Future minimum rental commitments under non-cancelable operating leases are as follows:
|
Year Ended December 31 |
Amount | ||
|
2010 |
$ | 137.4 | |
|
2011 |
108.8 | ||
|
2012 |
84.5 | ||
|
2013 |
66.5 | ||
|
2014 and thereafter |
228.4 | ||
| $ | 625.6 | ||
The Company has non-cancelable operating lease commitments totaling $625.6 million extending through various periods to 2052. Rent expense was $215.0 million, $219.8 million and $219.3 million in the years ended December 31, 2009, 2008 and 2007, respectively.
Litigation
The Company is subject to laws and regulations relating to the protection of the environment. The Company provides for expenses associated with environmental remediation obligations when such amounts are probable and can be reasonably estimated. Such accruals are adjusted as new information develops or circumstances change and are not discounted. The Company has been designated as a potentially responsible party in twelve federal and state Superfund sites. In addition to the Superfund sites, the Company may also have the obligation to remediate five other previously owned facilities and three other currently owned facilities. At the Superfund sites, the Comprehensive Environmental Response, Compensation and Liability Act provides that the Company’s liability could be joint and several, meaning that the Company could be required to pay an amount in excess of its proportionate share of the remediation costs. The Company’s understanding of the financial strength of other potentially responsible parties at the Superfund sites and of other liable parties at the previously owned facilities has been considered, where appropriate, in the determination of the Company’s estimated liability. The Company established reserves, recorded in accrued liabilities and other noncurrent liabilities, that it believes are adequate to cover its share of the potential costs of remediation at each of the Superfund sites and the previously and currently owned facilities. While it is not possible to quantify with certainty the potential impact of actions regarding environmental matters, particularly remediation and other compliance efforts that the Company may undertake in the future, in the opinion of management, compliance with the present environmental protection laws, before taking into account estimated recoveries from third parties, will not have a material adverse effect on the Company’s consolidated annual results of operations, financial position or cash flows.

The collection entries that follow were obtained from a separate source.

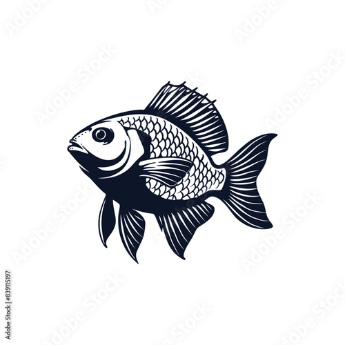 © Gendar SINURO, Obraz premium Vector illustration of Tilapia fish isolated on white background. Tilapia fish glyph icon. Badge for design seafood packaging. Logo Design for Fish Farming Business
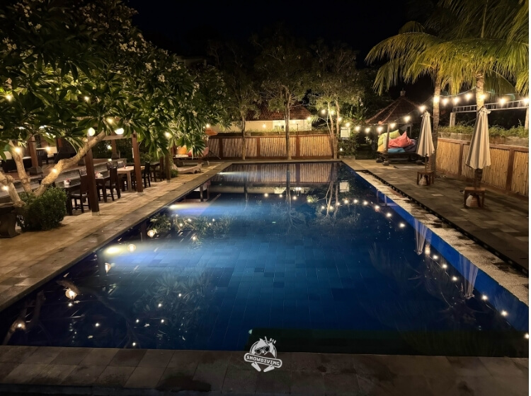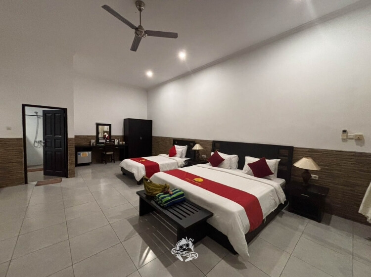 是許多人會選擇入住的潛水度假村,房間跟床超級大跟舒服、還有浴缸跟自己的小庭院,想單獨放自己的裝備也很方便,空間非常的足夠,公共空間還有2大寬敞的泳池跟草皮,以及無敵舒適的躺椅和涼亭,自助吧的餐食也非常符合亞洲人的口味,整體的住宿環境真的是一級棒。
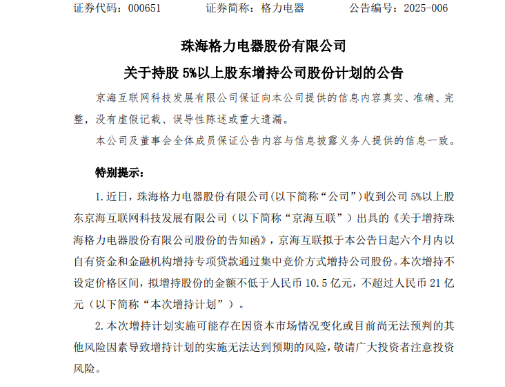 公告显示,京海互联本次拟增持股份的金额不低于10.5亿元,不超过21亿元。本次增持计划不设定价格区间,将综合考虑公司股票的内在价值、市场价格走势等因素,确保增持行为合理公平。
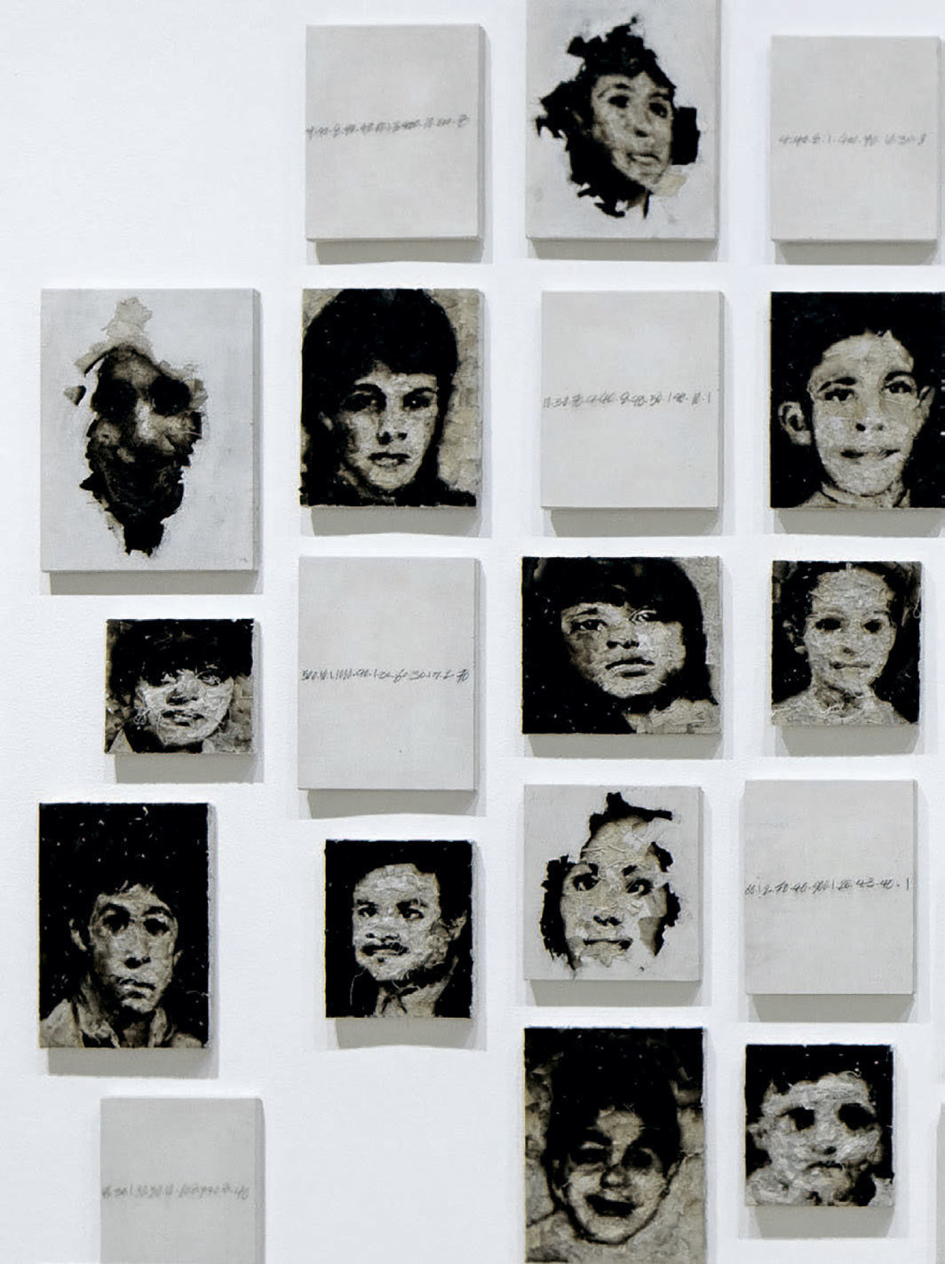 “行动剧场:海湾战争1991-2011”眼下正在纽约MoMA PS1展出,这个展览包含一系列实物课程(object lesson),来思考这些“历史的演员”带来的长期影响。展览由皮特·艾里(Peter Eleey)、鲁巴·卡特里布(Ruba Katrib)、乔斯琳·米勒(Jocelyn Miller)、约瑟芬·格拉夫(Josephine Graf)和奥利弗·舒尔兹(Oliver Shultz)联合策划,占据了美术馆全部三层空间,依循时间顺序展示了在海湾战争和伊拉克战争期间创作或者回应战争的作品,其中既包括西方艺术家的作品,也包括伊拉克本土以及离散艺术家的创作。几位战争策动者的面孔贯穿了整个展览:从罗杰·布朗(Roger Brown)的《海湾战争》(Gulf War, 1991)里被直升机和坦克包围的老布什和萨达姆的漫画肖像,到吕克·图伊曼斯(Luc Tuymans)2005年创作的更为古怪的油画——画面中的脸属于前国务卿康多莉扎·赖斯。与面孔遭遇的沉重感在哈娜·马拉拉(Hanaa Malallah)的《她/他没有照片》(She/He Has No Picture,2019)里得到了高强度的体现,这是一个由肖像构成的装置——艺术家根据1991年海湾战争期间被轰炸的阿米里耶(Amiriyah)难民营受难者的照片创作的肖像绘画。如果马拉拉无法找到某个人的照片,她就在空白的画布上写下此人的名字(并被译成数字密码)。在这些面孔构成的网格里还夹杂着一些铜牌。上面刻有阿拉伯语的作品标题——这个短语用来指称那些难民营中被推认死亡的人——精确而自觉地反映出这个时常被描绘为完全由图像构成的战争在集体心理上刻下的印记。
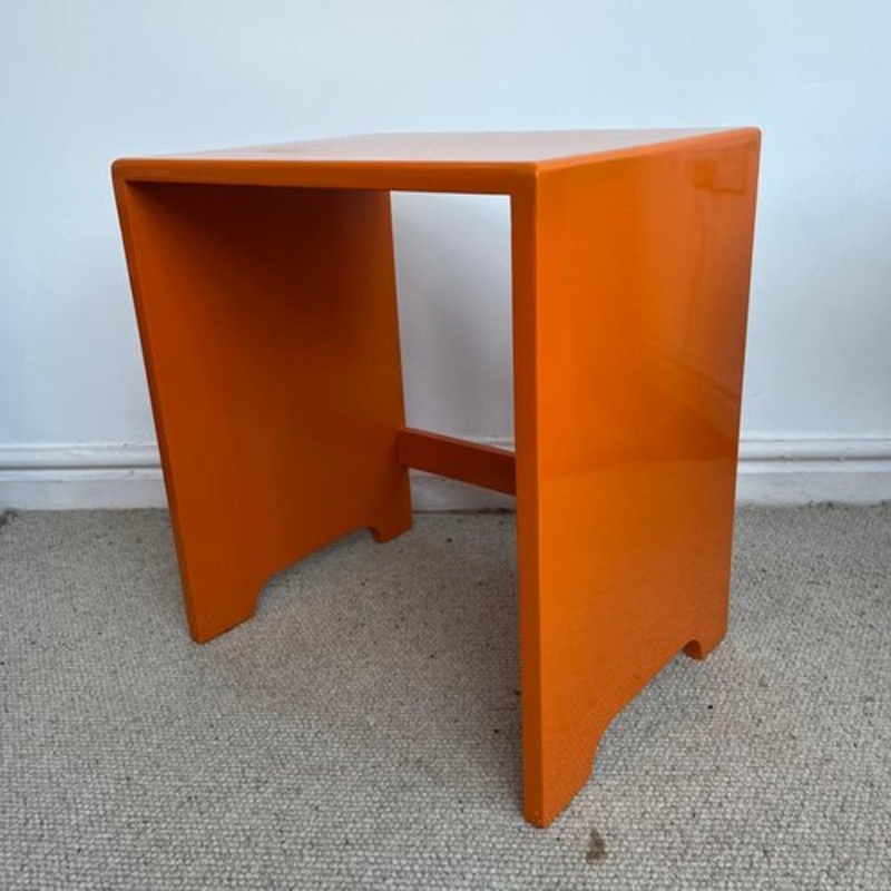 Orange lacquered hi gloss Side Table/ Stool dimensions 51.5 cm height 35cm depth 47cm width Production Period Before 2010 Style Vintage Detailed Condition Good This vintage/antique item may have some wear such as scratches and other signs of ageing. Produc
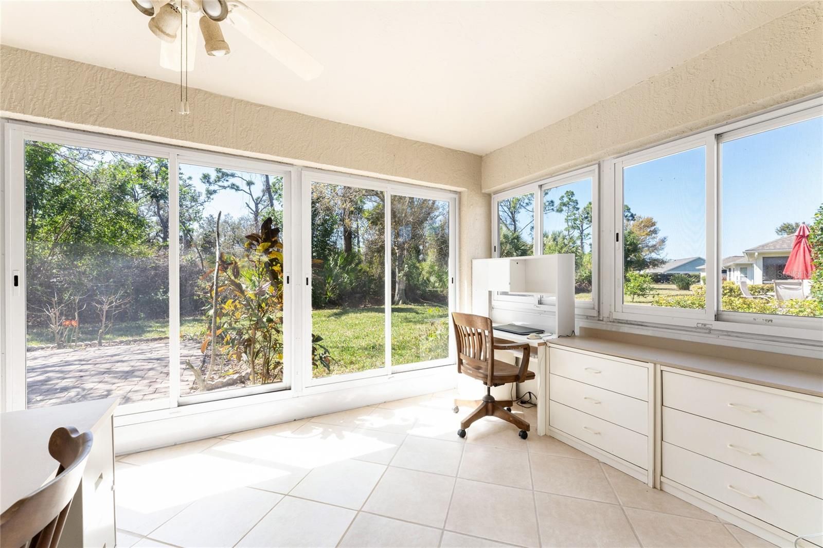 Enjoy Easy, Maintenance-Free Living in the 55+ Gated Park Forest Community! Nestled beneath mature oak trees and surrounded by established landscaping, this light and bright two bedroom plus bonus room, two bathroom home offers a spacious open floor plan and a wonderful opportunity to update at your own pace. For peace of mind, this home is situated in the X flood zone. A screened and tiled entry welcomes you inside where vaulted ceilings and triple sliding glass doors in the great room create an open, airy feel. Neutral tile and carpeting run throughout, and the glass enclosed, all weather Florida room adds valuable flex space for relaxing, hobbies, or entertaining year round. The kitchen provides generous cabinet storage, a center island for meal prep, a closet pantry, a bay window overlooking the peaceful backyard, and sliding door access to the lanai. The layout flows comfortably into the main living areas, making everyday living and casual gatherings easy. The primary bedroom retreat is well sized with room for larger furnishings, two walk-in closets, and sliding glass doors that draw in natural light from the Florida room. The ensuite bathroom features an oversized vanity with makeup area and a walk in shower. Guests will appreciate their own bedroom and nearby bathroom with a convenient tub and shower combination. An oversized laundry room offers additional storage and workspace. Out back, enjoy the wooded setting that provides a sense of privacy whether relaxing in the enclosed Florida room or grilling on the open air paver patio while listening to the sounds of nature in the evening. Embrace the maintenance free lifestyle and spend more time enjoying community amenities such as the heated pool, tennis courts, shuffleboard, and clubhouse, with on site storage available for your boat or RV. Park Forest offers a full social calendar and a welcoming neighborhood atmosphere, all less than 10 miles from Gulf beaches, world class fishing, boat ramps, hiking trails, parks, golf courses, shopping, and medical facilities. This is a wonderful opportunity at 257 Park Forest Boulevard to enjoy the Florida lifestyle you have been waiting for.
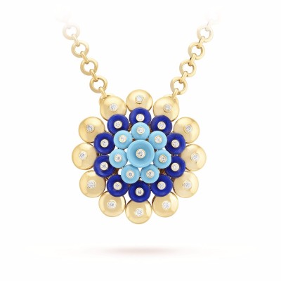 描述 Bouton d’or®系列的灵感源自Paillette图案的弧形线条,此珠宝设计源自Van Cleef * Arpels梵克雅宝于1930年代末的创作。如今,世家重新演绎此设计,以不同的组合和色彩创作风格柔美的项链、戒指、手链及耳环。 Bouton d’or吊坠,黄K金,青金石,绿松石,圆形钻石;DEF、IF至VV*w*S级钻石。 作品编号 : VC*w*ARP1BF00   详情 宝石 绿松石 : 8 宝石 钻石 : 30 宝石, 0.94 克拉

From time to time, the Company’s customers and others file voluntary petitions for reorganization under United States bankruptcy laws. In such cases, certain pre-petition payments received by the Company could be considered preference items and subject to return. In addition, the Company may be party to certain litigation arising in the ordinary course of business. Management believes that the final resolution of these preference items and litigation will not have a material adverse effect on the Company’s consolidated annual results of operations, financial position or cash flows.
|
|||
Note 11. Retirement Plans
The Company sponsors various funded and unfunded pension plans for most of its full-time employees in the U.S., Canada and certain international locations. The Company also participates in various multi-employer pension plans. Benefits are generally based upon years of service and compensation. These plans are funded in conformity with the applicable government regulations. The Company funds at least the minimum amount required for all qualified plans using actuarial cost methods and assumptions acceptable under government regulations. Most of the Company’s regular full-time U.S. employees become eligible for these benefits at or after reaching age 50 while working for the Company and having 5 years of vested service.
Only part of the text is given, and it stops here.